2006 noch Kreisliga: Steinbach Haiger träumt von der 3. Liga

Mit dem TSV Steinbach Haiger rechnet sich ein noch recht unbekannter Klub aus der Regionalliga Südwest große Hoffnungen aus, im Sommer den Aufstieg in die 3. Liga zu schaffen. liga3-online.de stellt den Klub aus dem mittelhessischen Lahn-Dill-Kreis einmal etwas genauer vor.

Sechs Aufstiege in sieben Jahren

Zum 31. Dezember 2017 zählte der Stadtteil Steinbach 811 Einwohner. In der dazugehörigen Stadt Haiger aus dem Regierungsbezirk Gießen waren es Ende 2019 rund 19.300. Es ist ein unauffälliger Ort nahe der Grenze zu Nordrhein-Westfalen. Doch die Chancen stehen gut, dass hier in wenigen Monaten Profifußball gespielt wird und die Region bekannter wird. Denn mit 55 Punkten nach 28 Partien liegt der TSV Steinbach Haiger nur drei Zähler hinter dem Tabellenführer SC Freiburg II. Seit sieben Spielen ist das Team von Trainer Adrian Alipour ungeschlagen.

An Erfolg haben sie sich beim Klub in den vergangenen Jahren gewöhnt. Von 2009 bis 2016 gelangen sechs Aufstiege, aus der Kreisliga B ging es bis in die Regionalliga. Nur 2013 wurde in der Verbandsliga Mitte ein Jahr Aufstiegspause eingelegt. Ansonsten waren die vergangenen Jahre eine einzige Erfolgsgeschichte. Als "Wahnsinn" bezeichnete Vorstandssprecher Roland Kring den Lauf des Klubs in einem Interview mit dem "Kicker".

Stadion bereits im Umbau

Kring ist als Mäzen mit dem Aufstieg des Vereins fest verbunden. 2007 stieg die Firma Sibre, deren Mitbesitzer er ist, als Hautsponsor ein. Mit den finanziellen Möglichkeiten wurde eine Grundlage für den jetzigen Erfolg geschaffen. Nachdem der Aufstieg in der wegen der Corona-Pandemie abgebrochenen letzten Saison nicht gelang, könnte es ein Jahr später klappen. "Natürlich träumt man jetzt mit jedem Punkt, den man holt, auch von der 3. Liga", so Kring, "Aber ich bin nicht so verbohrt und sage, wir müssen zwingend in diesem Jahr aufsteigen."

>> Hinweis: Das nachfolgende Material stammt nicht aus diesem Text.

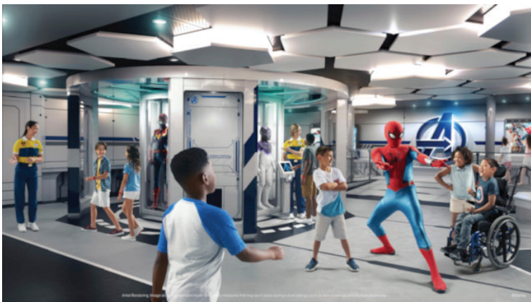
Marvel Super Hero Academy aboard The Wish (artists rendering)

The Wish will be taking its inaugural sailing in June of 2022! The newest Disney Cruise Line ship will offer all the same innovative experiences you expect from Disney - including a Frozen-themed theatrical dining experience, a kids club area that will allow your superheros to train alongside some of their favorite Marvel characters, and the Aquamouse - the first ever Disney attraction at sea! The Wish is available to book through May of 2023!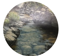
January 2018 Members Exhibition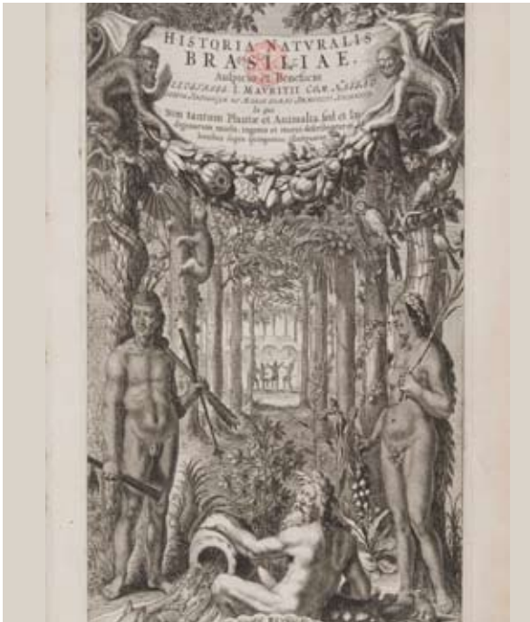
▲ Images of Brazil, Frontispiece, Piso 1648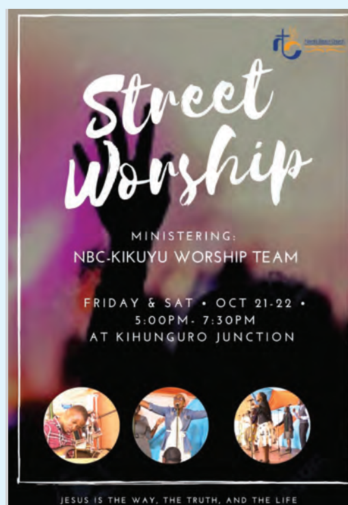
Street Worship Outreach

Outreach initiative in Limuru: We have started making inroads in Limuru area. We have visited children's home, contacted teens ministry and started youth Bible study. We are trusting God that this initiative though small now will grow into a congregation in the coming days.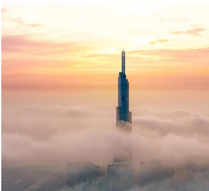
Fig. 1: Vinpearl Landmark 81

In urban areas like Hanoi and Ho Chi Minh City, rapid modernization and urbanization have created new power dynamics. Apartments in high-rises symbolize upward mobility, i.e. Vinpearl Landmark 81 is the highest hotel in Vietnam (Marcus, 2023), while older, communal-style houses represent a more traditional way of life. The allocation of space and access to amenities can reflect disparities in wealth and social status.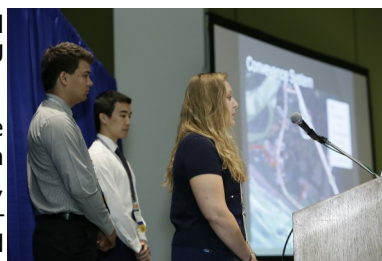
Students presenting at WEFTEC 2017

This year's meeting included an added overlaid item of interest – Live Polling during the meeting. Several questions were posed to attendees with responses via text messaging, utilizing the Poll Everywhere app. Tabulated results were live displayed and then later assigned for discussion in small groups during the afternoon roundtable discussion. Results and discussion report-outs will provide important input for committee leadership to further refine the committee's mission, level of engagement, succession and growth planning.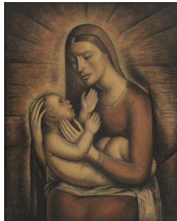
Title: Virgen y niño Date: 1935 Primary Maker: Alfredo RAMOS MARTÍNEZ Medium: charcoal and gilt paint on paper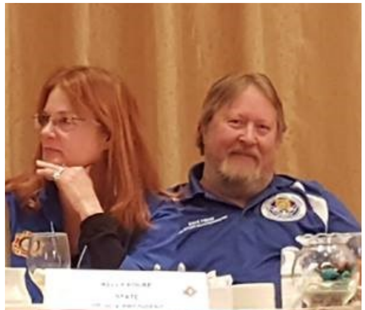
Mid-Winter Conference 2018

Yes, a bit serious, however, sometimes it is all about taking care of business.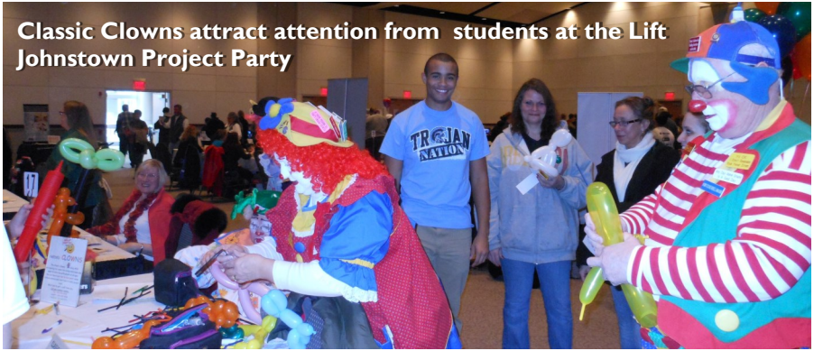
Classic Clowns attract attention from students at the Lift Johnstown Project Party

Greenhouse Park hosts dozens of popular community events, as well as the Stonycreek Rendezvous, which attracts 1,200 people for one of the most acclaimed whitewater festivals in the East.

Bei einem Aufstieg stellt für die Regionalligisten die Stadionthematik ein großes Problem dar. Der DFB erwartet für die Lizenzerteilung unter anderem ein Stadion für 10.000 Zuschauer. Bei Steinbach Haiger haben sie sich bereits auf dieses Szenario vorbereitet, in den vergangenen Jahren den Umbau des SIBRE-Sportzentrum Haarwasen Haiger begonnen. Bisher hatte der Klub einen Zuschauerschnitt von rund 1.300. Zu Duellen gegen Gießen (knapp 3.500) oder Saarbrücken (rund 3.800) kamen auch mal mehr Zuschauer, als Corona noch kein Thema war. Der Zuschauerrekord (4.204) datiert vom August 2018 als es im DFB-Pokal gegen den FC Augsburg ging. "Wenn wir in der 3. Liga im Schnitt eine zwei vorne hinbekommen, wäre das gut", erklärte Kring.

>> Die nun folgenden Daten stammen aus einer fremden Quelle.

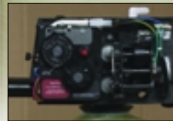
3200 Mechanical Timer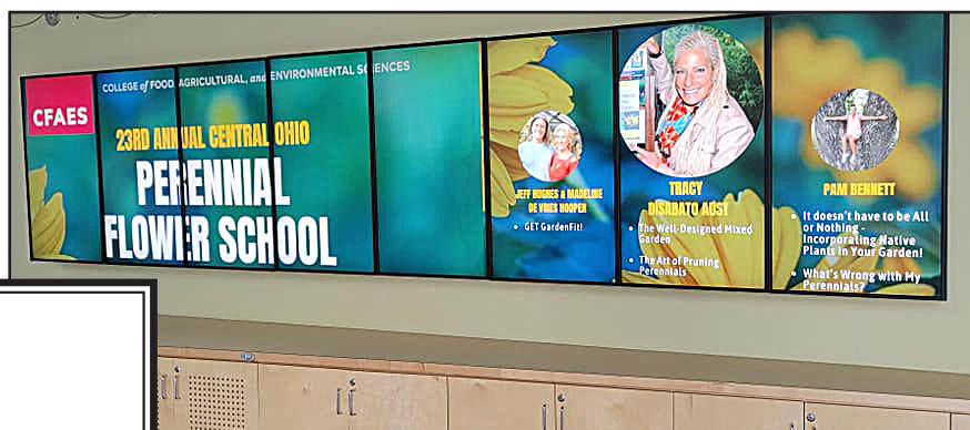
Last year's Central Ohio Perennial School. Flyer for 2024 Perennial School on pg. 10.

Garden of Eatin' Workday Friday March March 22nd. 9 am to 11 am.

Umbruch bei Aufstieg nicht vorgesehen

Damit der Traum vom Profifußball wahr wird, muss das Team um die drittliga-erfahrenen Profis Benjamin Kirchhoff (Kapitän/34 Spiele für VfB Stuttgart II) oder auch Raphael Koczor, Sören Eismann und Florian Bichler (zusammen 182 Spiele) in den verbliebenen 14 Partien bis zum Saisonende Mitte Juni Tabellenführer Freiburg einholen. Der Erstplatzierte steigt direkt auf, muss nicht in die Relegation gehen. Einen Umbruch hält Kring nicht für nötig, sollte das gelingen: "Mannheim 2019 oder Saarbrücken 2020, die zuletzt aufgestiegen sind, haben gezeigt, dass das nicht sein muss. Wenn unser Stadion bis zum Aufstieg fertig ausgebaut ist und wir das Geld nutzen können, um die aktuelle Mannschaft noch punktuell zu verstärken, wäre ein Klassenerhalt in der 3. Liga zumindest nicht unrealistisch."